Alphonsus de Guimaraens (ou Afonso Henriques da Costa Guimarães) nasceu em 24 de julho de 1870, em Ouro Preto, Minas Gerais. Além de poeta, foi promotor, juiz e jornalista. A morte de sua primeira noiva — a prima Constança — fez com que o escritor passasse a ver a realidade com os olhos da tristeza.

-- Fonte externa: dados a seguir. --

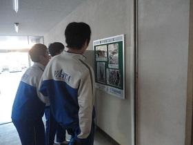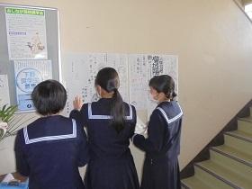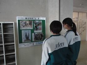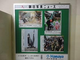 この度「浜屋組」のご厚意で、朝日新聞社の報道カメラマンが撮影した「写真ニュース」を、3年生の昇降口脇に掲示しました。
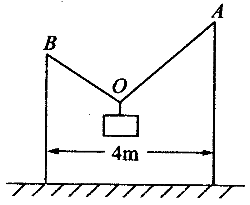 如图所示,长为5m的细绳的两端分别系于竖立在地面上相距为4m的两杆的顶端A、B.绳上挂一个光滑的轻质挂钩,其下挂着一个重为12N的物体.平衡时,绳中的张力F=_____N.
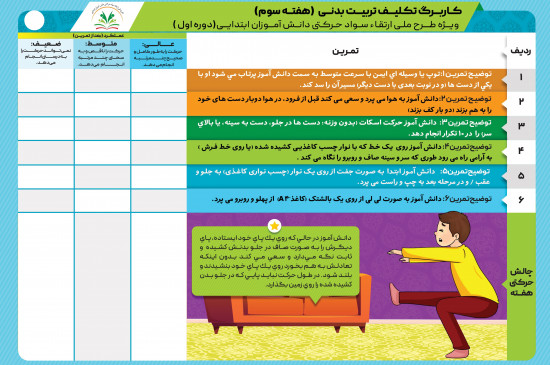 تصویر برنامه تمرینی سواد حرکتی _ دوره اول _ هفته سوم _ جلسه پنجم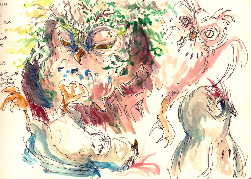 A few weeks ago, my sister sent me this adorable video of baby sloths. We had this discussion on the silly appearance of sloths and how they move so slow that moss grows on them. So here’s a few quick sketches of overgrowth on a sloth.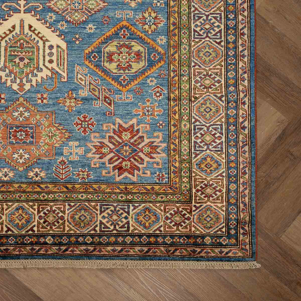 שטיח סופר קזאק בעבודת יד, יצירת אומנות אותנטית המשלבת דוגמאות גיאומטריות מסורתיות עם צבעים עשירים ונועזים. רקע כחול עז עם אלמנטים אדומים, ירוקים, לבנים וזהובים מעניקים לשטיח עומק מרהיב ואווירה חמה ומזמינה.

Assim, o autor, que faleceu em 15 de julho de 1921, fez parte do simbolismo brasileiro e produziu melancólicas poesias, caracterizadas por uma linguagem simples, além do uso de aliterações e sinestesias. 

Ainda assim, casou-se com Zenaide de Oliveira, com quem teve 14 filhos. Dividiu seu tempo entre as atividades de juiz e a produção de sua obra poética.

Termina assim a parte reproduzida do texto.